I'm using the "LogPush" feature from Cloudflare to get "log events" put into a Splunk index. The log events are all JSON, but apparently many records are sent in a single "push". My problem is, if I search for a "field=value" it will only match if the "field" is in the first record. If I search with just the "value" the record is found, but I need Splunk to recognize the fields.
I attached a screenshot of the search results when I just searched for "60286da6ca69eb29". I want to find that "record" via "RayID=60286da6ca69eb29". And really, I just want that record, that starts with the RayID field, and ends with the "WorkerSubrequest". If I search for "RayID=60286dc754aac4e8" (the first record) it matches the way I would expect.
So, the question is:
Is there a way to get just that portion of the log entry (i.e. just the portion that has "RayID=60286da6ca69eb29), or is that impossible because of the way the records are put into Splunk?
As I see it, that event break setting isn't remotely close. It should be something like
([\r\n]+)\{"RayID"
assuming each event starts with {"RayID
The problem with the search is caused by improper onboarding of the data. Even if many records are sent in a single "push", Splunk should have no problem treating them as separate events if the properties are set correctly. If you'll share the props.conf stanza for that sourcetype then someone here should be able to help fix it.

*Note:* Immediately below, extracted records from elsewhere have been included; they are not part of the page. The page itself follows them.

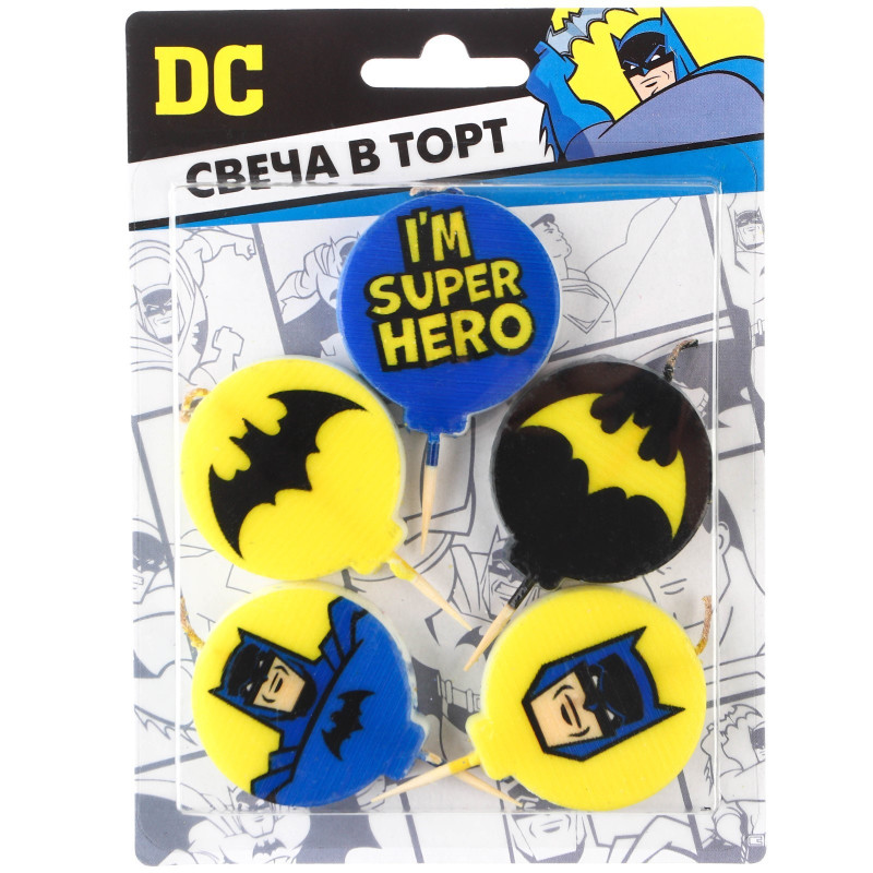 9714007 Набор свечей для торта "Я супер герой! Бэтмен" (5 шт.) на шпажках
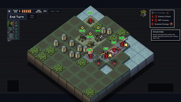 像下棋一样,“举棋未定”,通过观察攻击及其结果是很有帮助的。可以多次使用撤销按钮来移动你的机甲,但是一旦你发起攻击,就不能回头了。只有当制定出最具潜在伤害的行动并使受到威胁的建筑得到有效保护后,才开始攻击。
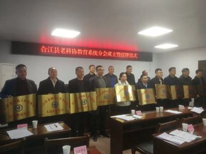 1月16日,合江县老科协教育分会成立暨授牌仪式在县教育体育局会议室举行。县老科协会长张发远、县教育和体育局局长唐焰、县老科协副会长刘光永出席仪式,并为县新成立的合江县老科协教育分会和合江中学分会、马街中学分会、城关中学分会、榕山中学分会、白沙中学分会、合江职高分会、少岷职校分会、人民小学分会、符阳小学分会等10个分会授牌,相关学校党组织书记或校长、分会会长参加了会议。
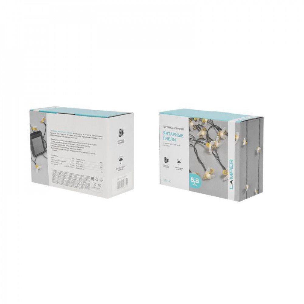 Описание Гирлянда садовая (каскад) Янтарные Пчелы 5,8м, 2700К с аккумулятором и выносной солнечной панелью 602-252
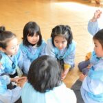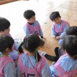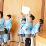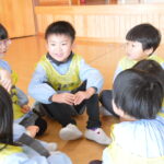 話し合いの場では率先して話を進めてくれ、ゲームの移動では年少組が迷子にならないように手を繋ぎ、人数確認をし…改めてゆり組さんの頼もしさを感じました。また年少・年中組も、ゆり組さんに付いて行こうと一生懸命取り組む姿が見られ、ゲームを通しどんどん団結していったように感じました。

As I see it, that event break setting isn't remotely close. It should be something like
([\r\n]+)\{"RayID"
assuming each event starts with {"RayID
Keep in mind I am new to Splunk, but I definitely see what you are saying. Crazy that the sourcetype from Cloudflare is so wrong (i.e. this is what comes with the "Cloudflare App.") Having said that, it would appear to me that the basic "([\r\n]+)" should suffice, since as far as I can tell from the output, there is a "new line" at the end of each event.
Although, I tried that, and your suggestion, and it didn't seem to work. Is there anything else I need to do after changing that regular expression in the sourcetype to have it go into effect? Or, does it take some time before the change is reflected in the index? And yes, I am looking at data that was imported after I made the change.
I want to add comment about Cloudflare App. LineBreaker setting in the app was designed by assuming json logs will start with either Timestamp or CacheCacheStatus. But since Cloudflare log settings can be customized these assumptions does not work always. That is why be careful when you update your Cloudflare log settings on AWS. Also if it works please keep the LineBreaker as @richgalloway suggested, "new line" may not be enough.
@scelikokI asked the product manager (I work for Cloudflare) and he confirmed that there will always be a new line character between log entries, and that the order of the fields is never guaranteed, so there is no reason to try and match on the field after the new line character.
@kcantrel, thank you for the information. 👍
Once you change the settings in a sourcetype it takes time for them to propagate to the rest of the instances.
The settings only affect new data. Events already indexed will not change.
Thanks for the info. Can you quantify "takes time"? It's been over an hour since I made a change that should have fixed the problem, but I'm not seeing it. And, yes, I am looking at new data coming in. Thanks!
"Takes time" is intentionally vague since Splunk Cloud doesn't say how long it will take. I would say an hour is long enough, though.
Okay, so there must be something else that is causing my existing HEC to not use the updated sourcetype. I created a new HEC and started using it, and got the desired results. I'm going to stick with the basic "each event is on a separate line" logic, since as far as I have seen that has been the case, and trying to decide what should be after the "{" is non-deterministic.
My final question, how can I delete an index? I created a new user and give it all the roles, including "can_delete," but when I go to the index page, the "delete" link is greyed out.
You can delete an index in Splunk Cloud from the Settings->Indexes screen. Anyone with the sc_admin role should be able to do it.
The can_delete role/privilege controls use of the delete command in SPL. The command will hide events, but doesn't delete anything.
I've logged in as sc_admin, which of course has the sc_admin role, but when I go to the Setting->index screen, this is what I see:
Some indexes cannot be deleted. That includes the standard indexes (main, _*, etc.) and those provided by Splunk Cloud. They can be identified by the "app" column - "system" are the built-ins and "100*" are those provided by SC.
The others should be deleteable unless they were configured by the default/indexes.conf file in an app.
Yes, I understand all that, but if you look at the screenshot I am showing that ALL the indexes I have are greyed out. That includes the sytem ones, and the ones that I created (e.g. cloudflare_raw).
bro, can you share your setup with me? I'm going through the same problem. in the indexed extractions did you put JSON? and in line_break put ([\r\n]+)\{"ClientIP" ? mine indexes several clients in the same package and I can't search if it's not the first.
This thread is more than 2 years old with an accepted solution. For better chances at getting an answer, please post a new question.
If you created it using the UI then you should be able to delete it using the UI. Consider opening a support case.